Many of you Linux junkies will probably spend most of your time in terminals. So you may be wondering how to spice up the plain old boring-looking terminal environment. If you are looking to enhance the look of your terminal window, one way is screenFetch.
According to its creator, screenFetch is a “bash screenshot information tool”. This tool can show inside a bash terminal various pieces of system information, as well as nifty ASCII arts such as your Linux distribution logo. screenFetch can auto detect your Linux distribution and display its logo (currently supporting Arch Linux, Mint, LMDE, Ubuntu, Debian, Fedora, SuSe/Opensuse, Mandriva/Mandrake, Crunchbang, Gentoo, Red Hat Linux, and Tiny Core distributions.
Install screenFetch on Linux
To install screenFetch, follow the steps below.
For other distributions, download the archive from github, then extract it into whatever directory you want.
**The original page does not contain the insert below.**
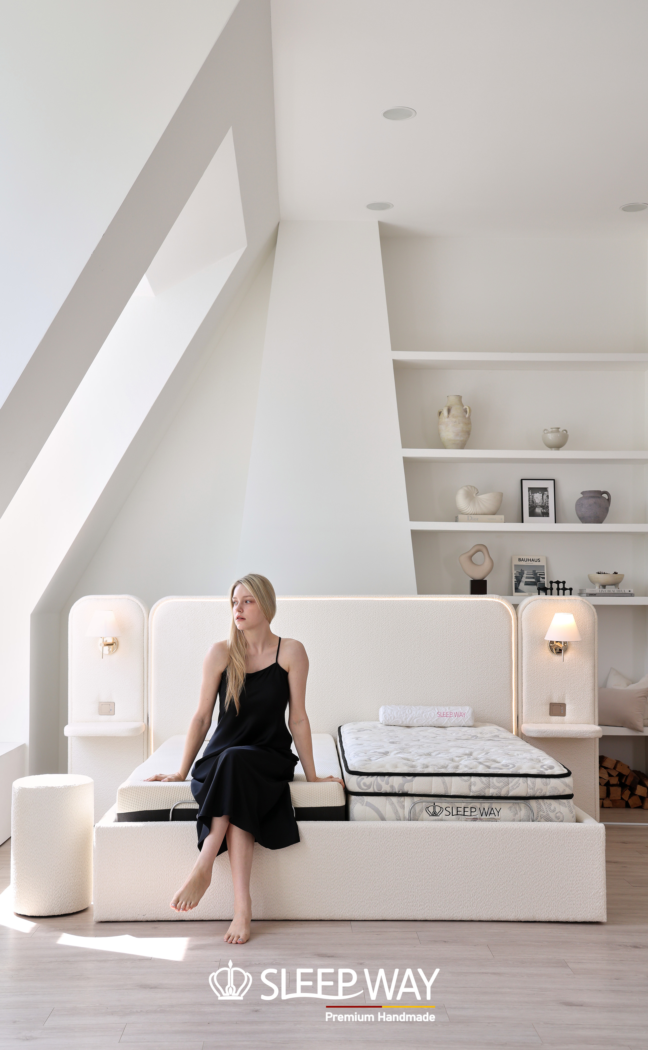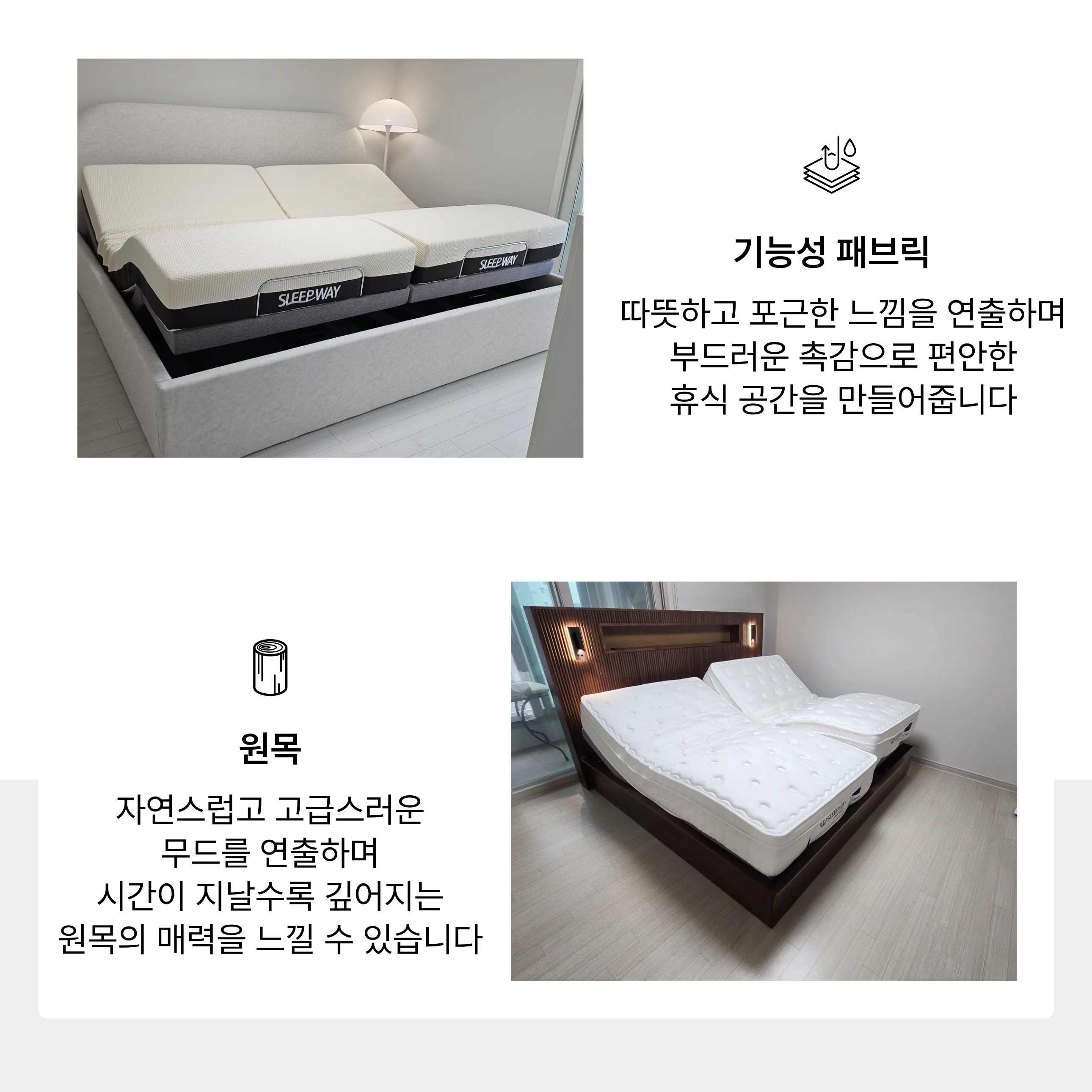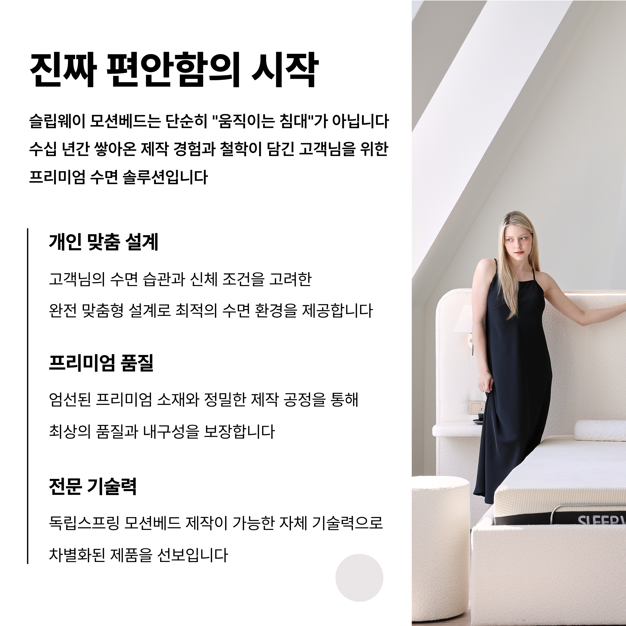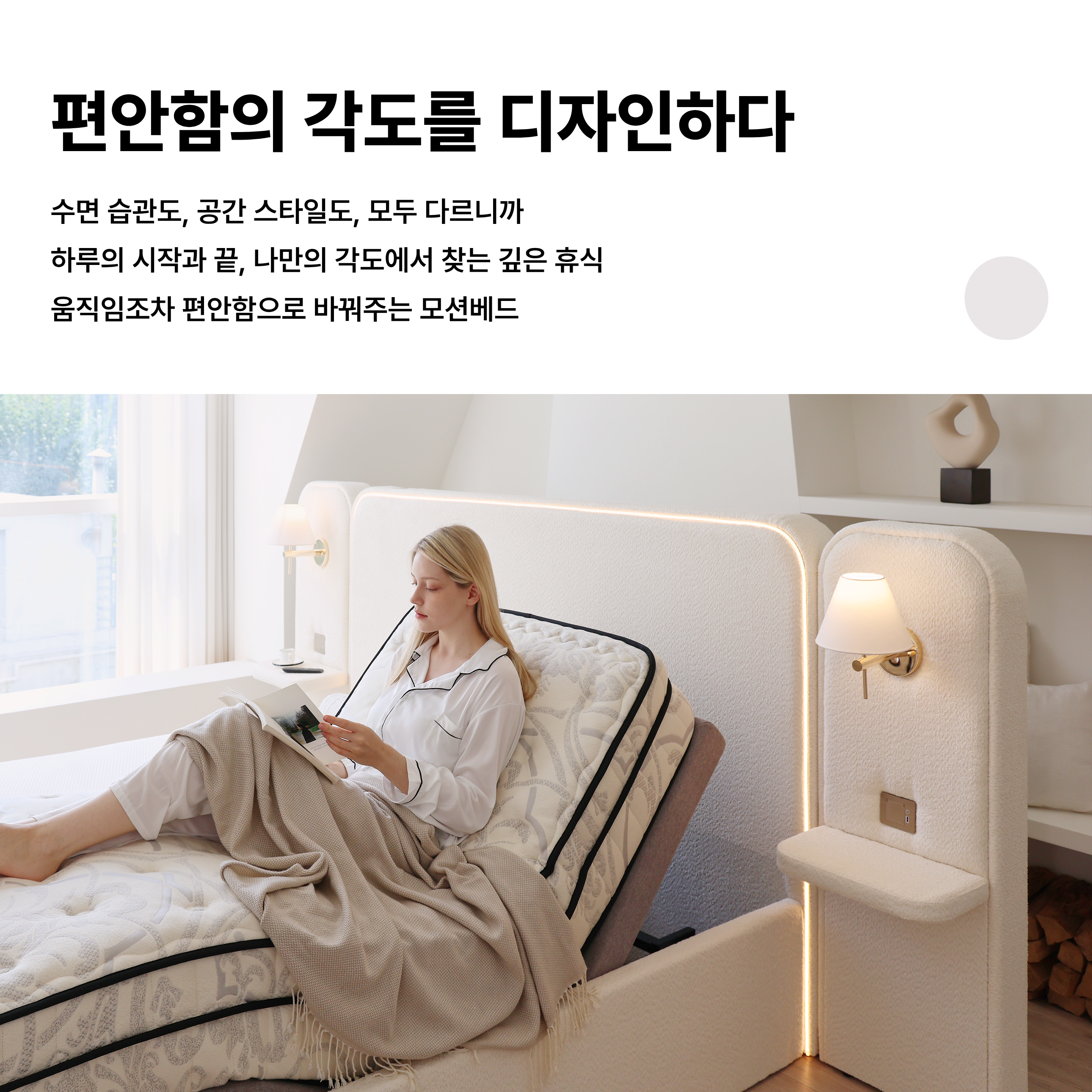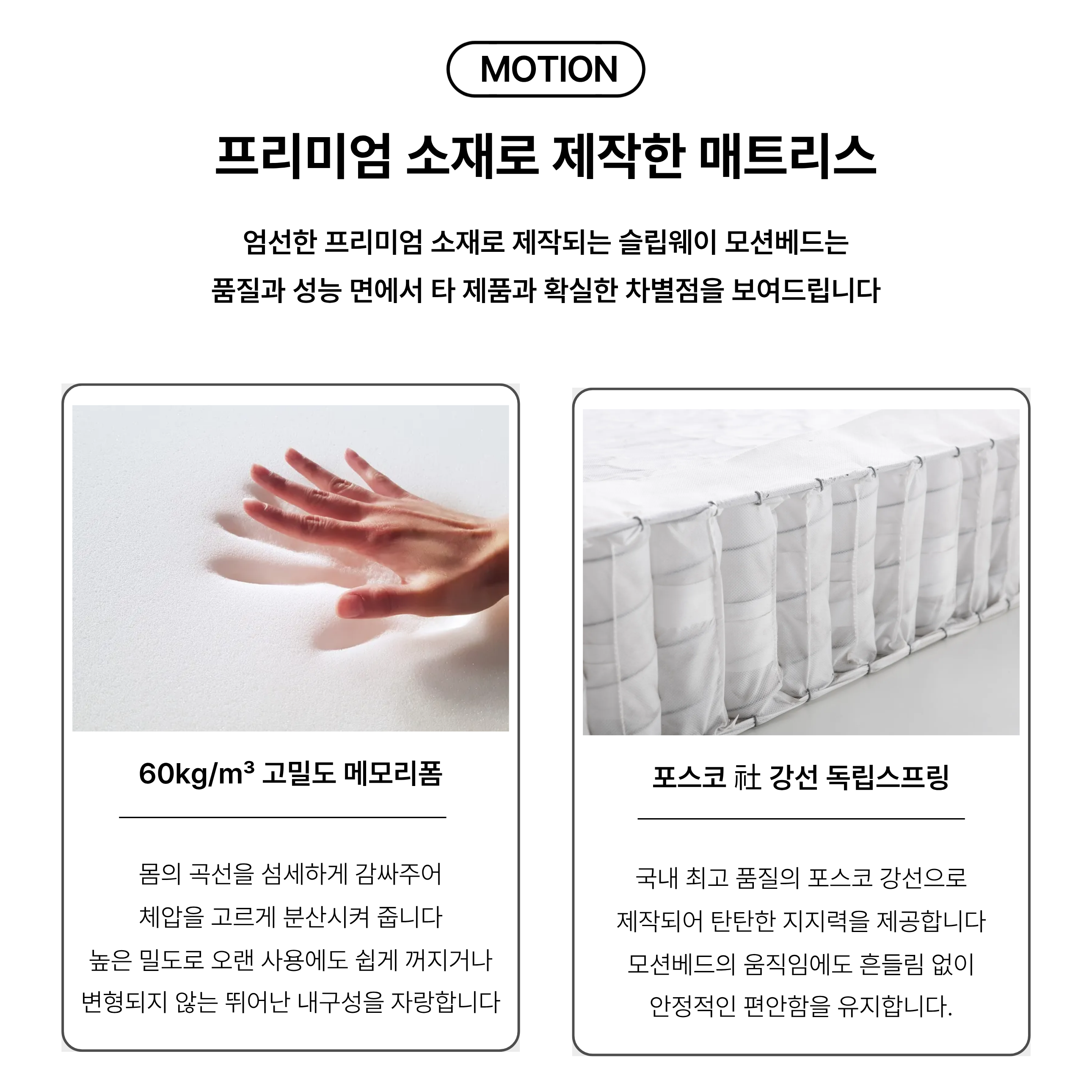 슬립웨이 모션베드는 원하는 각도로 자유롭게 조절해 맞춤형 휴식을 제공하는 프리미엄 베드입니다. 독일 OKIN社의 안정적인 모션 기계와 정밀 가공된 고탄성 베이스폼을 적용해 부드럽고 조용한 구동을 실현하며, 고객의 취향에 따라 독립스프링 또는 메모리폼 타입을 선택할 수 있습니다

Make sure to change screenfetch-dev file executable as follows.
$ wget https://raw.githubusercontent.com/KittyKatt/screenFetch/master/screenfetch-dev $ sudo cp screenfetch-dev /usr/local/bin/screenfetch $ cd /usr/local/bin/ $ sudo chmod 755 screenfetch
screenFetch in Action
If you want to execute screenFetch each time you open a terminal or login in to console, add “screenfetch” command at the end of your .bashrc file.
Optionally, you can define your Linux distro with a command line option “-D”.
$ screenfetch -D 'Ubuntu' $ screenfetch
If you want, you can have screenFetch run any custom screenshot command.
$ screenfetch -c '/path/to/my_custom_script.sh'
Remember, when screenFetch auto-starts in your terminal, it will make your terminal response slower at its first appearance because screenFetch needs to gather information.